In RF and IoT environments, attackers weaponize normal-looking behavior and misconfigurations. Treating anomalies as “probably nothing" creates blind spots that adversaries exploit and lets small hazards grow into incidents. Responding with the right tools is essential to gain clarity and act quickly.
Many attacks begin as ordinary protocol flows such as pairing attempts, beacons, scans, or join requests. These misconfigurations mimic adversary behavior, such as the use of legacy ciphers, open SSIDs, permit-join windows, or unsecured pairings. Radio frequency varies because channel conditions and mobility cause patterns to be intermittent. And waiting for certainty often means waiting too long. Keep in mind that one false negative is far more expensive than several quick triages.
Why normal-looking events still matter
Adversaries can hide within protocol norms such as BLE Just Works, Classic HID opens, Zigbee permit-join, LoRa join bursts, and Wi-Fi deauth for roaming tests. The malicious intent ultimately manifests in context. Look for red flags such as persistence, fan-out, proximity to protected assets, and privilege escalation attempts. Small signals chain together, creating a scan storm; one pairing success can equal compromise.
When these situations occur, be aware of your biases:
- Normalcy bias - a false sense of security
- Optimism bias - the inclination to over- or underestimate the circumstances
- Confirmation bias - the tendency to interpret new evidence as confirmation of your theories
- Sunken cost and bandwidth bias – the desire to compare past experience in your decision-making process.
Triage the Situation Using the FP^3 model
How It Works: Score each observation on five dimensions and investigate when the total is greater than 5 or any single dimension is extreme.
- Frequency – how often does this issue occur in a certain time window?
- Proximity – what is the RSSI and location context near protected assets?
- Fan-out – what is the number of unique targets or services touched?

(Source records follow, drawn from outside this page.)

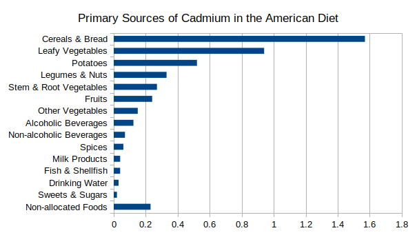 It has been demonstrated that we obtain most of our cadmium from cereals and bread, leafy vegetables, potatoes, legumes and nuts, and stem and root vegetables rather than from chocolate, which is not a significant contributor to overall cadmium in the typical American diet.[3,5]
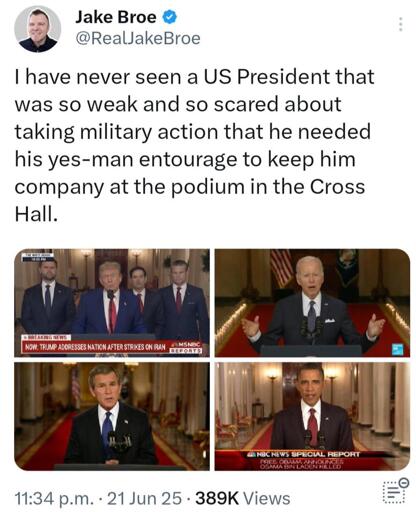 Fair. I dont remember the details, but I do remember that quote. I mostly remember Obama standing there alone announcing Bin Laden’s death. It was quite memorable for obvious reasons but also I was in a bar at my buddy’s 21st birthday hangout, and things for rowdy.
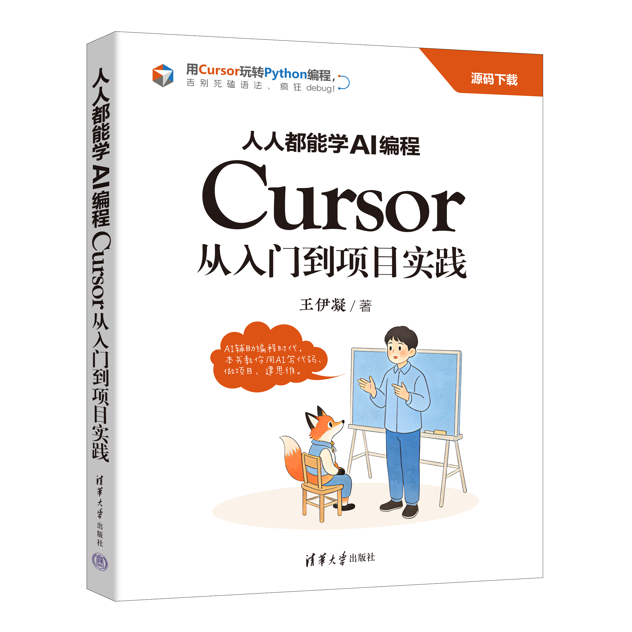 但小白很容易陷入两个误区:一是觉得“编程太难,我学不会”,直接放弃;二是跟风下载AI编程工具,却不知道怎么用,打开工具一脸茫然,最终让工具闲置。而《人人都能学AI编程:Cursor从入门到项目实践》,就是帮小白避开误区、快速上手的关键——它不讲晦涩的理论,全程以“小白视角”,手把手教你从0到1学习Cursor,结合Python实战,让你学完就能用。

- Privilege – what the action could grant if accepted or if it succeeds?
- Persistence – does it recur on a schedule or reappear after failure?
Here are some example scores:
- BLE: Pairing bursts to 3 laptops in 30 min → F2 P1 F/O2 Priv2 Pers1
- BT Classic: HID PSM 0x11/0x13 from unknown → F1 P2 F/O0 Priv2 Pers1
- Zigbee: Permit-join broadcast at 10:15 → F1 P1 F/O1 Priv2 Pers0
- Wi-Fi: Evil twin with higher RSSI → F1 P2 F/O1 Priv2 Pers1
- LoRaWAN: Join-Request bursts + Join-Accept → F1 P1 F/O0 Priv2 Pers2
Addressing the Issues Using PANalyzr
The PANalyzr is a state-of-the-art, affordable, wideband, multi-protocol Personal Area Network (PAN) Analyzer. Here is how it can best be used in the above situations.

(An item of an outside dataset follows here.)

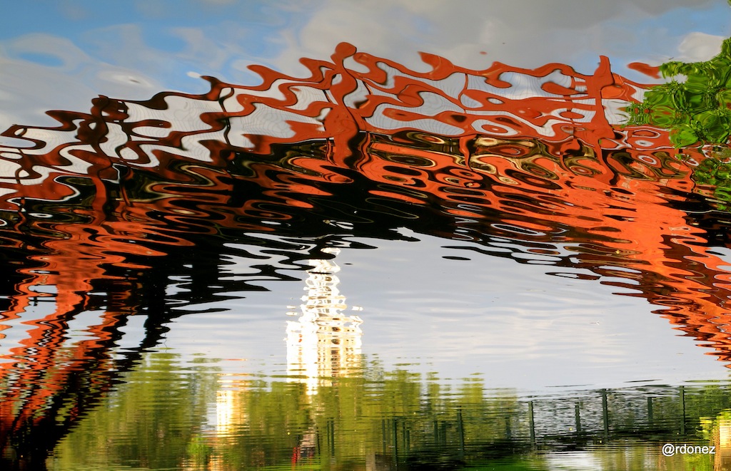 El agua que imprime Yeraldine Ordoñez en sus obras tiene el parpadeo discreto de un tarde de otoño. Se expande en el canal como si el mismo fuera visto a través de una botella de colonia. Utiliza la torre de la giralda del distinguido hotel Biltmore y la hace emerger desde el fondo del canal como si fuera a ocurrir una aparición inesperada.Las formas se descomponen en los puentes como piezas de puzzle, a veces, y en otras, los mantiene con su forma férrea y original. Los colores son fuertes en intensidad y amainados por el efecto del reflejo. La luz es clara y a la vez caligráficamente borrosa desde los destellos. Dentro de su trayectoria como fotógrafo, Yeraldine sigue investigando aquello que la retina de la mayoría de los mortales omite a su paso por lo cotidiano, mostrándonos a través del ojo de la lente, lo posible dentro de la literatura de la imagen en nuestra ciudad. E.R

- Use the allow lists for known devices, BSSIDs, HomeIDs, and PAN IDs. Treat mismatches as Medium by default and escalate by the FP^3 model.
- Turn events into watch rules with windows (for example: BLE pairing ≥2 in 15 min; Wi-Fi deauth >50/min; Zigbee permit-join outside maintenance).
- Prioritize by proximity with >= RSSI filters in secure rooms.
- Correlate repetition: raise severity level when a source reappears 3 times in 24 hours.
- Capture evidence automatically on trigger: PCAP/CSV slice and FP^3 context.
Even if you think it is “probably nothing,” maintenance windows and change tickets: auto-downgrade during approved work but still records. Dynamic baselines last over 7–30 days. The two-stage triage model tracks a 60–90-second process in stage 1 and escalates only if the risk remains. A decision log provides a disposition with rationale because the allow-list is based on evidence, not a gut feel.
Instances when “nothing” became something
- BLE Just Works prompts dismissed by users; FP^3 total 6; rogue keyboard under desk.
- Zigbee permit-join at 10:15; new light reporting to unknown coordinator.
- Wi-Fi evil twin beacon higher RSSI in conference room; two clients leaked credentials.
- LoRaWAN two Join-Requests every 15 minutes; hidden sensor on demo badge left active.
Why Use PANalyzer
Using a tool like the PANalyzer allows companies a method to identify risk and solve related issues with data-based evidence instead of anecdotal and potentially biased theories. It takes 90 seconds to confirm or dismiss risk, record the outcome, and have peace of mind that your systems have not been compromised.